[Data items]
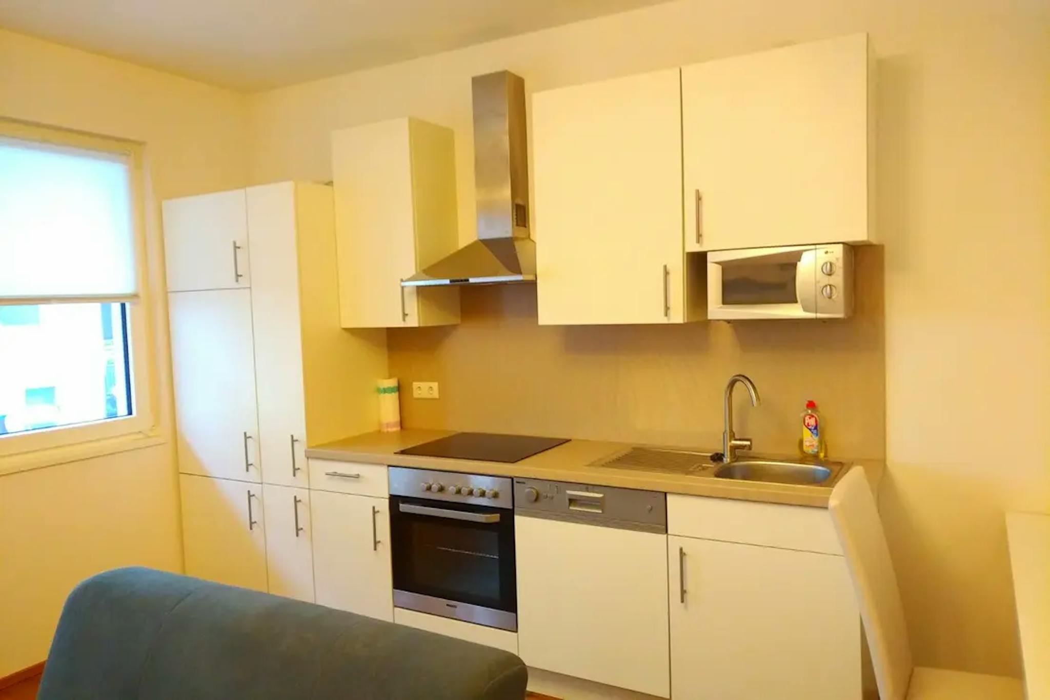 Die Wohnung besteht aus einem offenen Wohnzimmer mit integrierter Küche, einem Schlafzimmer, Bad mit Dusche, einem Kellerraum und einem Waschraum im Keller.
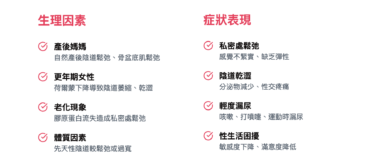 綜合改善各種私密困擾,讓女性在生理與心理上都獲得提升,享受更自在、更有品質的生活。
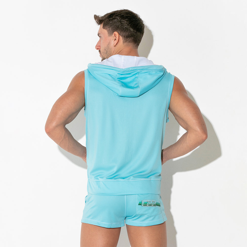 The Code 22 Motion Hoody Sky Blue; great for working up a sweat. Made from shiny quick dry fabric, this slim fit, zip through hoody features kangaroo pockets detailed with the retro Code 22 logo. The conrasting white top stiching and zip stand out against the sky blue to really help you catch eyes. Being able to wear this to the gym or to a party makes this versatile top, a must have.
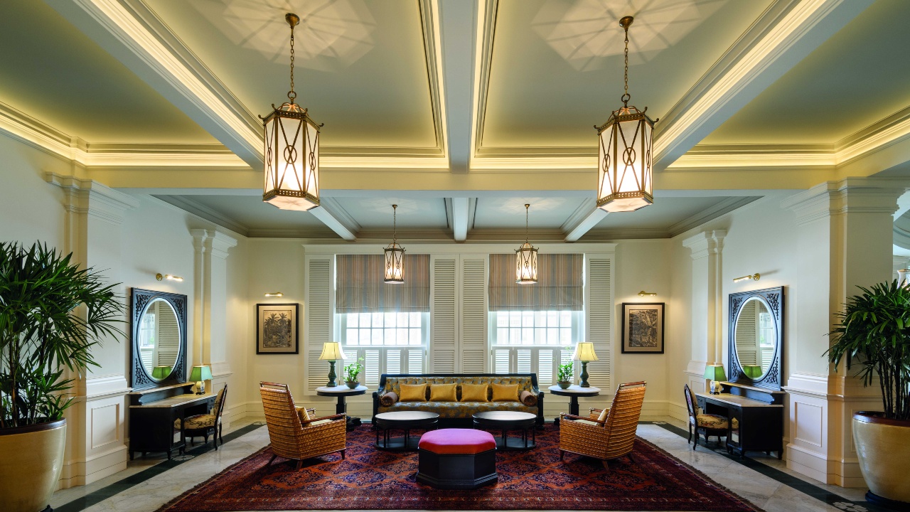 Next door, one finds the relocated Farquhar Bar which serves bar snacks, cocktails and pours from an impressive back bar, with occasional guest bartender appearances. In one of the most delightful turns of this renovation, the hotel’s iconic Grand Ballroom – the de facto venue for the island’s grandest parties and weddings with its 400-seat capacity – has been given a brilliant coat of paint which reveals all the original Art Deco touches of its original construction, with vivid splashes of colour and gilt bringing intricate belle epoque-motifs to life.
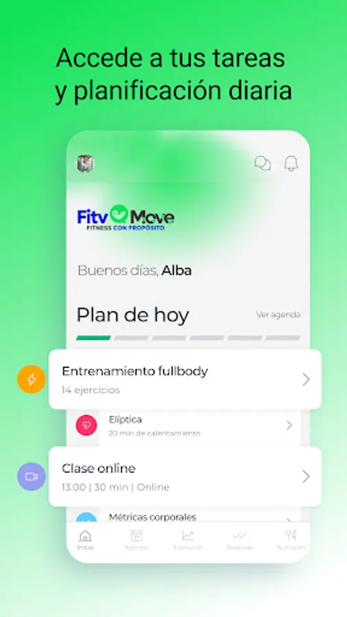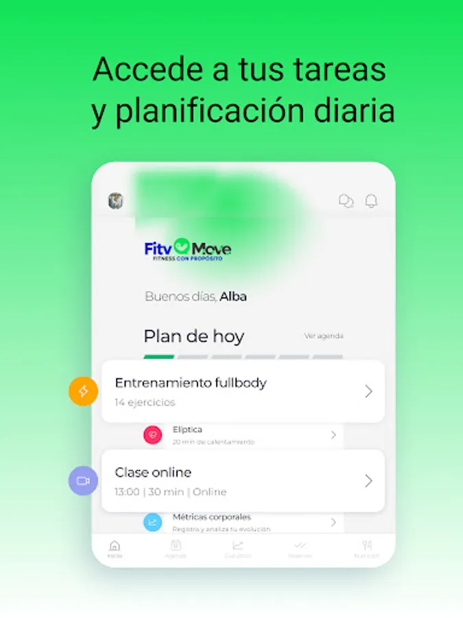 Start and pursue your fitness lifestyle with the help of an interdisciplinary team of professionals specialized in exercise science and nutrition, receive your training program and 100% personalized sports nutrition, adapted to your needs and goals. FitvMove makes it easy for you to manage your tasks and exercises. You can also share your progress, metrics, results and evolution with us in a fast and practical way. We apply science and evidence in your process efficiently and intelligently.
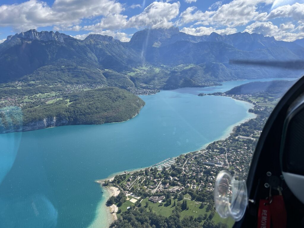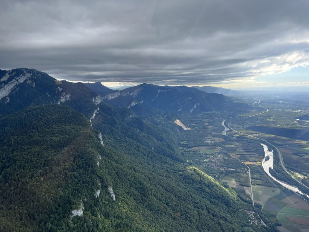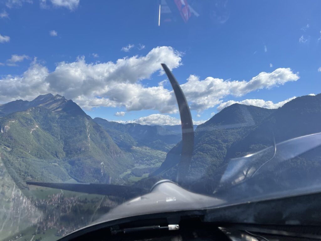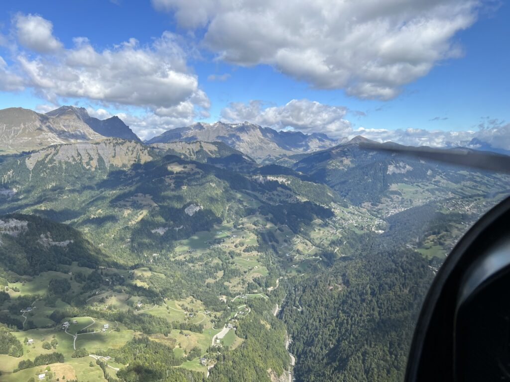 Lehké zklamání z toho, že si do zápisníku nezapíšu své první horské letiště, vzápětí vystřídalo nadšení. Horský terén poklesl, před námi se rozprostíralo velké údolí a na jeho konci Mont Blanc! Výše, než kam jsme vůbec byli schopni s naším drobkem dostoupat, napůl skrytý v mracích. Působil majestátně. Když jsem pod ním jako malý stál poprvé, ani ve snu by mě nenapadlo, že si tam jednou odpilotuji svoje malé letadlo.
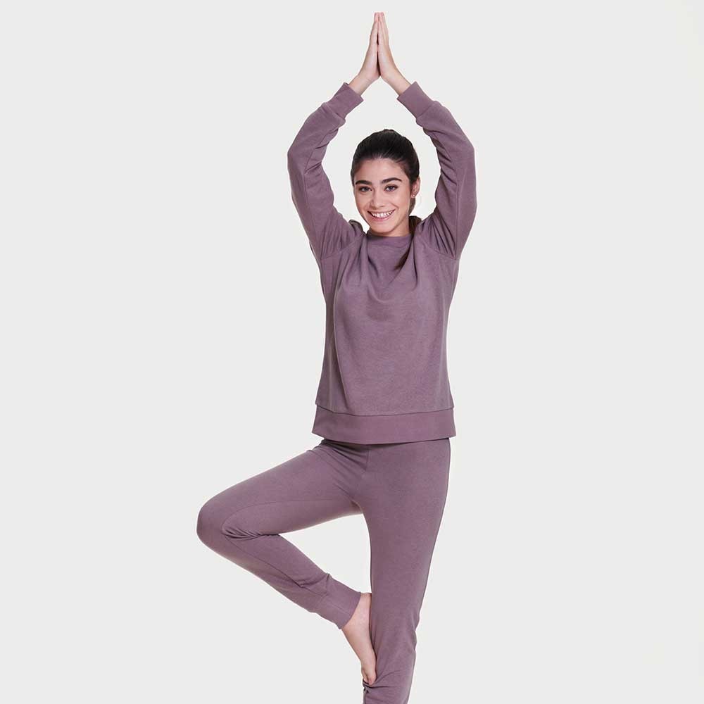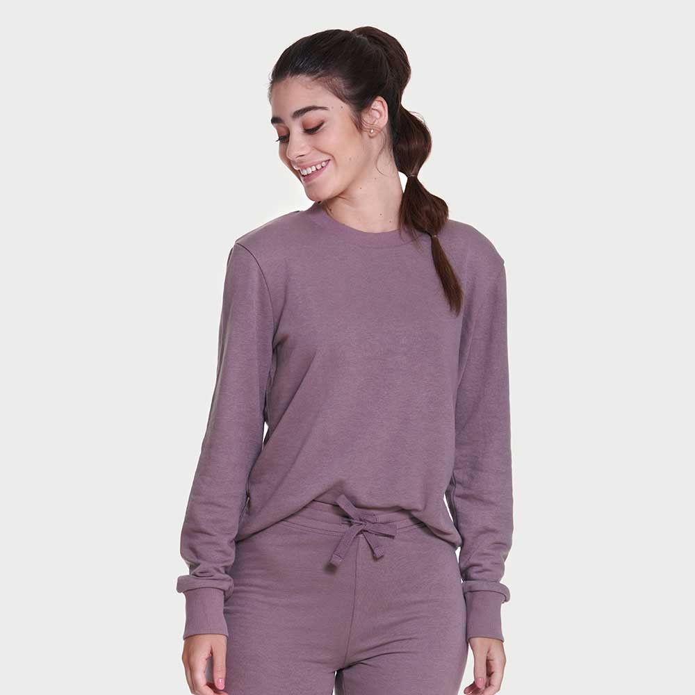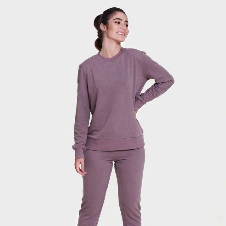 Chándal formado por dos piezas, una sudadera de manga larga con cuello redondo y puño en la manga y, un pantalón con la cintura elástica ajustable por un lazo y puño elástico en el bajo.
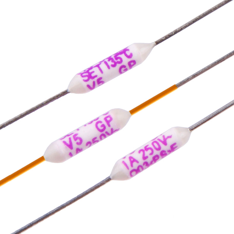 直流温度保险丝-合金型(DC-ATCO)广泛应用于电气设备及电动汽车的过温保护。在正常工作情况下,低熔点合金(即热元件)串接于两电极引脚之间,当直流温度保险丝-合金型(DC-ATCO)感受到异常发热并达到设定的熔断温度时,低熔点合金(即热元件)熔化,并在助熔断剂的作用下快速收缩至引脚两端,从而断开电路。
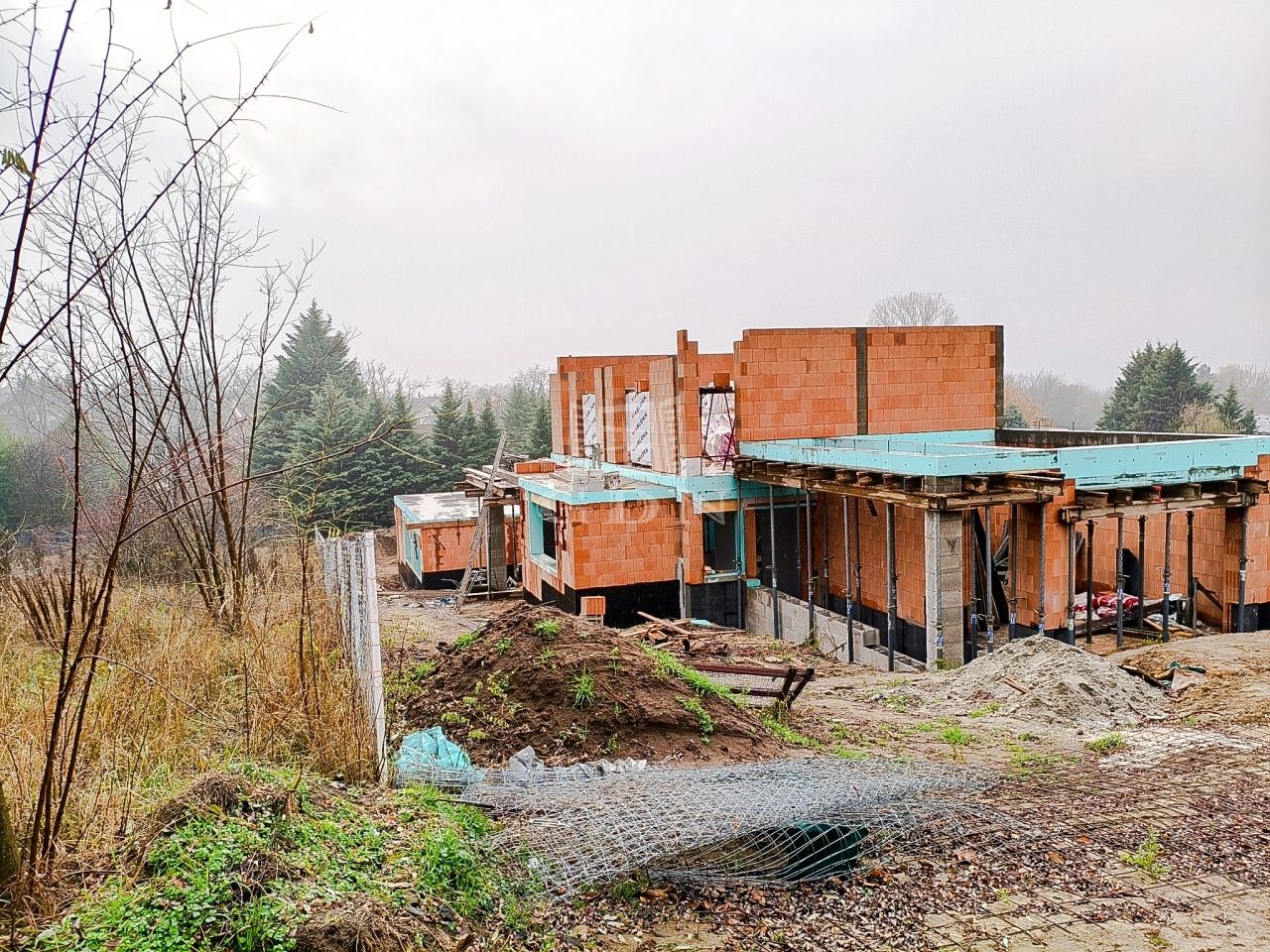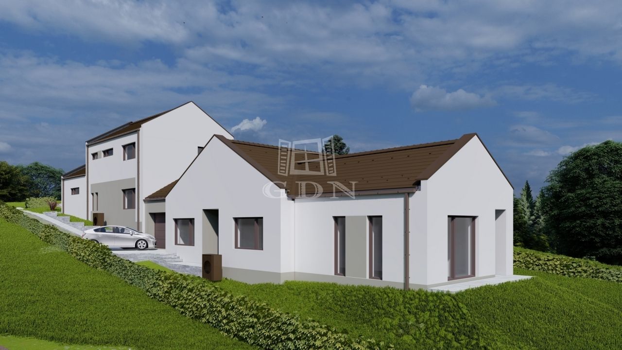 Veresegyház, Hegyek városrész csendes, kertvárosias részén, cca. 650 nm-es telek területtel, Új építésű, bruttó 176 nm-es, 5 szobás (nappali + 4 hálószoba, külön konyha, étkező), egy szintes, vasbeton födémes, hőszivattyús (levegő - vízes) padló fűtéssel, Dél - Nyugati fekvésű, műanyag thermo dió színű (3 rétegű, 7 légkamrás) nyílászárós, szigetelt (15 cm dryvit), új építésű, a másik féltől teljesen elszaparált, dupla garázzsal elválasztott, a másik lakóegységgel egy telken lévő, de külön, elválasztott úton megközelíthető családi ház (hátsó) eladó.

[What is expected]:
Reproduce exactly, without any picture, the lines from the one bearing "Start and pursue" to the last line of the records above.

[Completed exercise]:
 Start and pursue your fitness lifestyle with the help of an interdisciplinary team of professionals specialized in exercise science and nutrition, receive your training program and 100% personalized sports nutrition, adapted to your needs and goals. FitvMove makes it easy for you to manage your tasks and exercises. You can also share your progress, metrics, results and evolution with us in a fast and practical way. We apply science and evidence in your process efficiently and intelligently.
 Lehké zklamání z toho, že si do zápisníku nezapíšu své první horské letiště, vzápětí vystřídalo nadšení. Horský terén poklesl, před námi se rozprostíralo velké údolí a na jeho konci Mont Blanc! Výše, než kam jsme vůbec byli schopni s naším drobkem dostoupat, napůl skrytý v mracích. Působil majestátně. Když jsem pod ním jako malý stál poprvé, ani ve snu by mě nenapadlo, že si tam jednou odpilotuji svoje malé letadlo.
 Chándal formado por dos piezas, una sudadera de manga larga con cuello redondo y puño en la manga y, un pantalón con la cintura elástica ajustable por un lazo y puño elástico en el bajo.
 直流温度保险丝-合金型(DC-ATCO)广泛应用于电气设备及电动汽车的过温保护。在正常工作情况下,低熔点合金(即热元件)串接于两电极引脚之间,当直流温度保险丝-合金型(DC-ATCO)感受到异常发热并达到设定的熔断温度时,低熔点合金(即热元件)熔化,并在助熔断剂的作用下快速收缩至引脚两端,从而断开电路。
 Veresegyház, Hegyek városrész csendes, kertvárosias részén, cca. 650 nm-es telek területtel, Új építésű, bruttó 176 nm-es, 5 szobás (nappali + 4 hálószoba, külön konyha, étkező), egy szintes, vasbeton födémes, hőszivattyús (levegő - vízes) padló fűtéssel, Dél - Nyugati fekvésű, műanyag thermo dió színű (3 rétegű, 7 légkamrás) nyílászárós, szigetelt (15 cm dryvit), új építésű, a másik féltől teljesen elszaparált, dupla garázzsal elválasztott, a másik lakóegységgel egy telken lévő, de külön, elválasztott úton megközelíthető családi ház (hátsó) eladó.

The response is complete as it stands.